Badin Rungruangnavarat, the Bangkok-based trader who allegedly traded on inside information ahead of a public announcement related to the acquisition of Smithfield Foods by a Chinese company, agreed last week to pay $5.2 million to settle the charges.
The SEC froze Badin’s assets in June after filing a complaint alleging that he made more than $3 million in illegal profits through insider trading in Smithfield securities.

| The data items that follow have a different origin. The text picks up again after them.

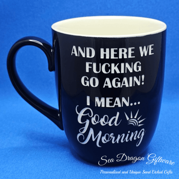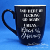 Ceramic Coffee/ Tea Mug: And Here We Fucking Go Again! I Mean Good Morning – Black Gloss
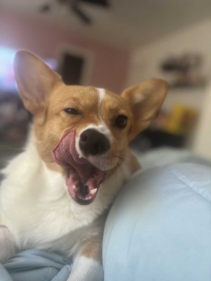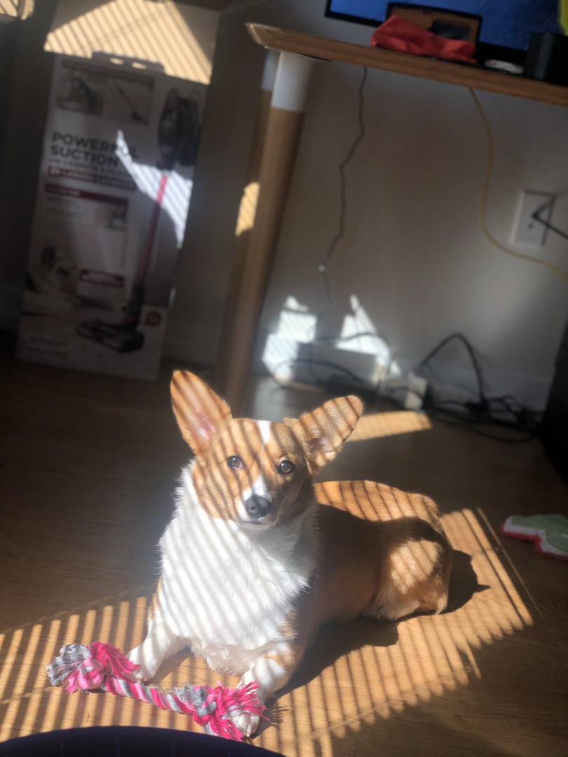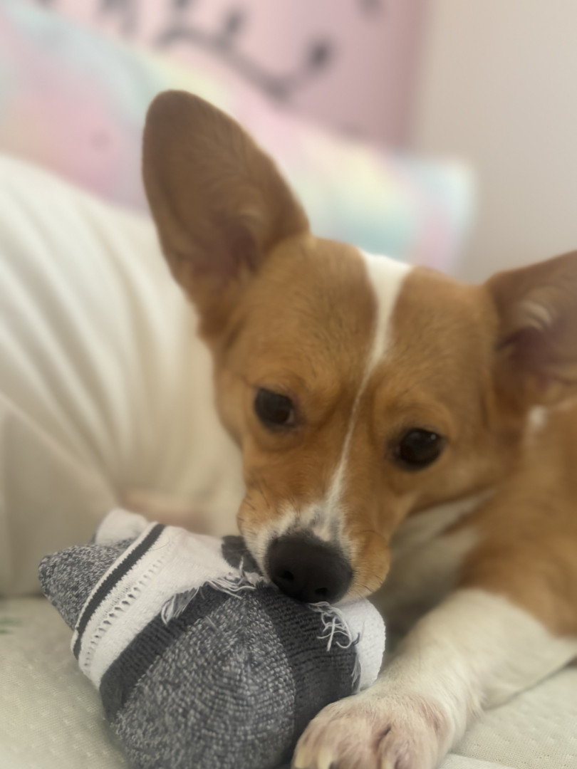 Paisley is a 3 year old Pembroke welsh corgi! She is really outgoing, loves to talk back and absolutely loves everybody! She knows all kinds of tricks like, sit, paw, spin, roll over, stand pretty, wait and tap!!! She is absolutely amazing and I think she should be America’s favorite pet!!
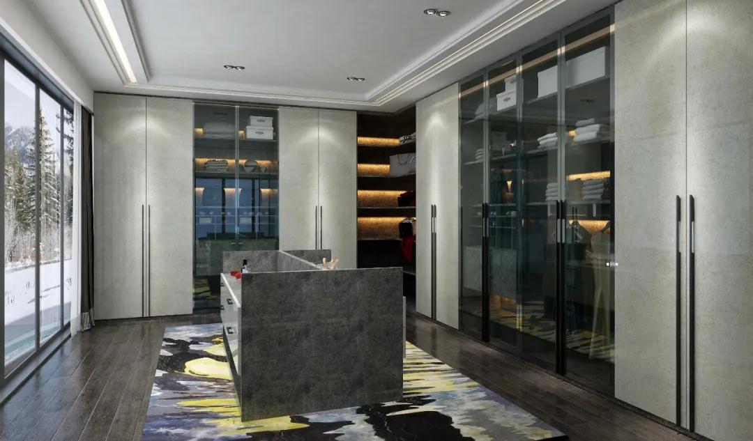 一门到顶柜门搭配极简黑色长拉手,进到家就像走进高档会所,让人退下一天的疲惫和“伪装”,感受即高端又温暖的家, 这才是衣帽间的幸福感来源。
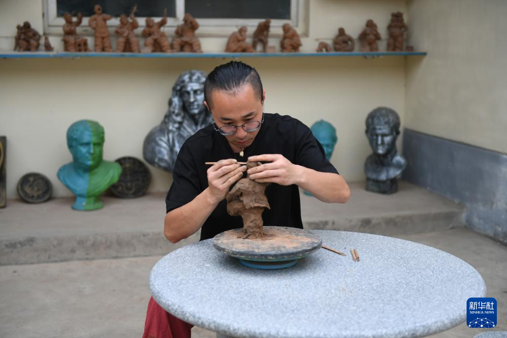9月8日,在陕西宝鸡市西府里文化艺术村,金台区非物质文化遗产“周氏泥塑”技艺传承人周少平在创作泥塑作品。

Badin allegedly acquired out-of-the-money Smithfield options—or options with only time value that erode quickly—and single-stock futures contracts in the week leading up to a May 29 announcement about the proposed sale of Smithfield to Shuanghui International Holdings
“Our quick action in June to stop Badin’s insider trading profits from leaving the U.S. made this multi-million dollar settlement possible,” Daniel M. Hawke, the chief of the SEC enforcement division’s Market Abuse Unit. “Once he was denied access to his trading account, Badin elected to forfeit all of his ill-gotten proceeds plus pay a $2 million penalty to settle the case against him.”
Badin entered a final judgment ordering him to pay $3.2 million in repayments, as well as a $2 million penalty to the SEC. Without admitting or denying the SEC’s charges against him, Badin agreed to adhere to the rules established under the Securities Exchange Act.